Mensesneg: Pemerintah Sangat Sesalkan Peristiwa Situbondo

Muspida Jatim Belasungkawa

Jakarta, 12 Oktober

Menteri Sekretaris Negara Moerdiono mengatakan pemerintah sangat menyesalkan terjadinya kerusuhan di Situbondo Jawa Ti-mur Kamis (10/10) yang mengakibatkan jatuh korban jiwa 5 orang meninggal serta menimbulkan kerugian berupa terbakarnya beberapa bangunan kantor, rumah ibadah, gedung sekolah, pertokoan dan panti asuhan.

"Peristiwa tersebut dapat merusak kerukunan hidup beragama yang selama ini telah dibangun, dipelihara dan dikembangkan dengan sungguh-sungguh sebagai pengamalan Sila Ketuhanan Yang Maha Esa dari Pancasila," kata Moerdiono kepada wartawan di Gedung Sekretariat Negara Jakarta, Jumat (11/10) sore.

Dikatakan, mengingat kebebasan beragama merupakan hak asasi manusia yang paling asasi, bukan pemberian pemerintah ataupun golongan, pemerintah sungguh-sungguh mengharapkan agar masyarakat dapat menahan diri dan tidak mudah terpancing oleh isu, hasutan maupun desas-desus yang menyesatkan.
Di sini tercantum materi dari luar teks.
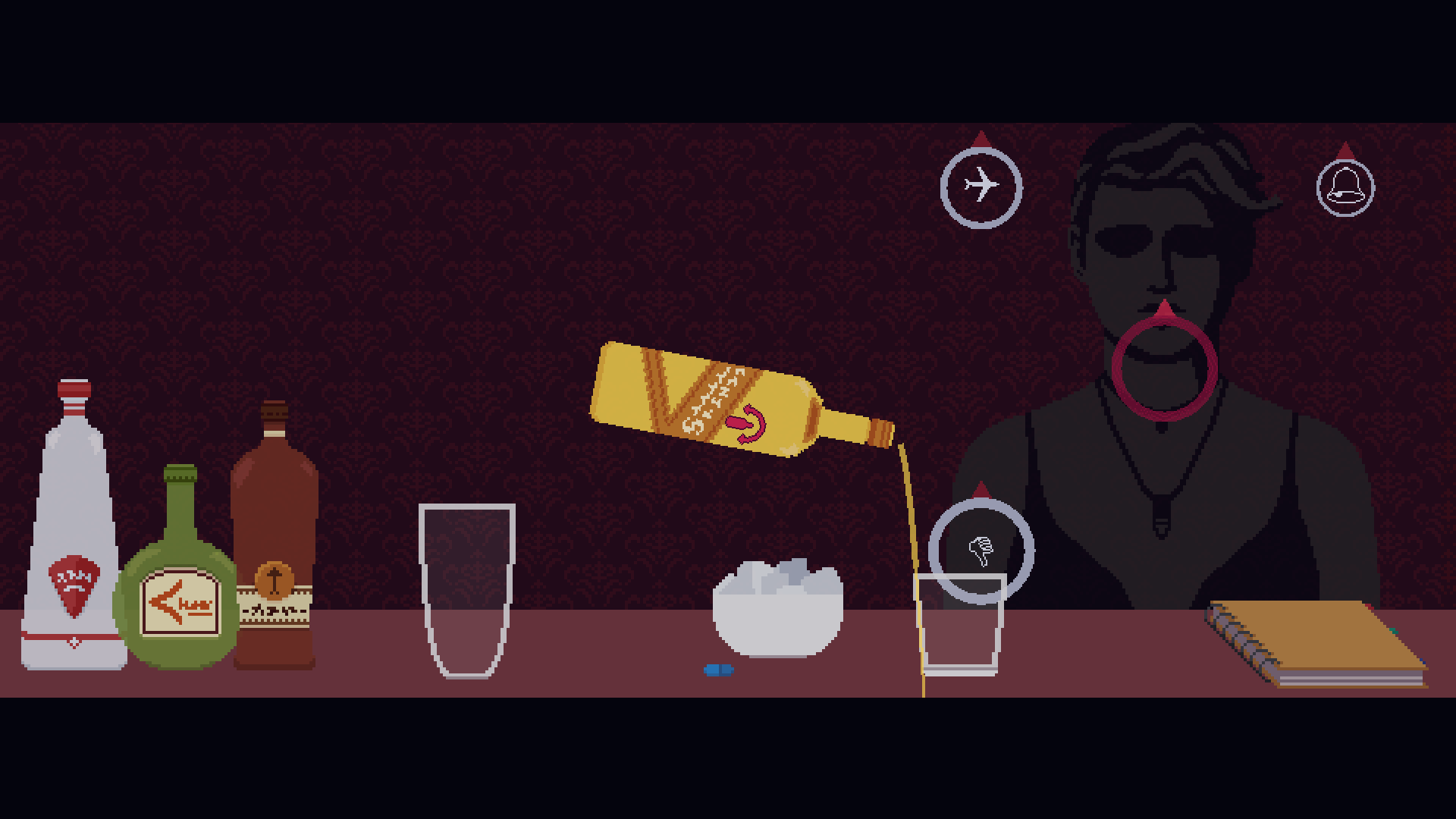 La primera impresión que produce The Red Strings Club es que estamos ante una aventura gráfica con gráficos pixel art incluidos, otra de las muchas que hay por el mercado independiente. Pero esa apariencia no es más que una fachada que da cabida a un título puramente narrativo en el que la historia se desarrolla a través de decenas de líneas de diálogo y decisiones, las cuales solo se ven interrumpidas por un par de mecánicas jugables la mar de originales. Una de ellas consiste en saber preparar un buen cóctel capaz de destapar la lengua del cliente. La práctica en sí es muy sencilla, basta con ir echando licores hasta hacer coincidir un círculo con los estados de ánimo del cliente. La elaboración del cóctel tiene la capacidad de iniciar la conversación desde diversos estados de ánimo. ¿Quieres sonsacarle información desde la nostalgia, desde la euforia, desde la duda, o desde la depresión? Suena bastante original, ¿verdad? Lo cierto es que dicha mecánica, más allá de su originalidad, se usa en menos ocasiones de las esperadas a lo largo del juego, y en cierto sentido se siente hasta desaprovechada cuando al poco de empezar la historia se van desbloqueando nuevas posibilidades a la hora de preparar los cócteles, dando la sensación de que la cosa terminará adquiriendo una complejidad que nunca llega.

Juga agar seluruh pemimpin umat dapat lebih meningkatkan lagi pembinaan umatnya masing-masing untuk mencegah terjadinya peristiwa serupa di kemudian hari.

Dijelaskan, pada hari Kamis (10/10) sewaktu berlangsungnya sidang kelima peradilan kasus pelecehan agama oleh terdakwa bernama Saleh yang beragama Islam, lulusan SMU tahun 1991 telah terjadi kerusuhan di Situbondo, Jawa Timur. Kerusuhan tersebut terjadi akibat kemarahan massa setempat yang tidak terkendali, berjumlah antara 2.000-3.000 orang.
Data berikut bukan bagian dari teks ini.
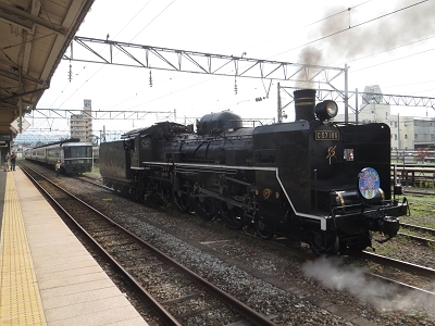 | 会津若松駅で出発を待つSLばんえつ物語号 | 8月のヘッドマーク |

Berkat kerja sama antara aparat pemerintah dan tokoh-tokoh masyarakat, maka keamanan dan ketertiban di kota itu telah dapat dipulihkan kembali. ''Terhadap mereka yang terlibat dalam kerusuhan itu sedang diambil tindakan sesuai dengan hukum yang berlaku dan untuk pengusutan selanjutnya telah ditahan sejumlah orang,'' kata Moerdiono.


Gubernur Jatim

Gubernur Jatim HM Basofi Soedirman menyerukan agar warga masyarakat Situbondo mampu mengendalikan diri dan tidak melakukan aksi-aksi pengrusakan sebagaimana insiden 10 Oktober baru lalu.

Tindakan brutal sekitar 5.000 massa yang merusak gedung Pengadilan Negeri (PN), 26 tempat ibadah termasuk sebuah kelenteng, dua sekolah beragama, toko, panti asuhan serta menewaskan lima korban jiwa manusia satu keluarga, tidak saja akan ditangani secara hukum hingga tuntas. Namun lebih dari itu, para umaro (pemerintah) dan ulama Jatim sama-sama mengutuk peristiwa tersebut karena mengabaikan aturan norma agama dan hukum yang berlaku.

Hal itu ditandaskan Gubernur Jatim dalam acara jumpa pers di rumah dinas Pangdam V Brawijaya, Jalan Raya Tugu, Kota Madya Malang, Sabtu (12/10) pagi. Dalam jumpa pers tersebut Gubernur didampingi Pangdam V Brawijaya Mayjen TNI Imam Utomo, Kapolda Jatim Mayjen (Pol) Drs H Sumarsono SH,MBA, Kajati Jatim A Rachman SH serta Kependam V Brawijaya Letkol CHB S. Soebagyo.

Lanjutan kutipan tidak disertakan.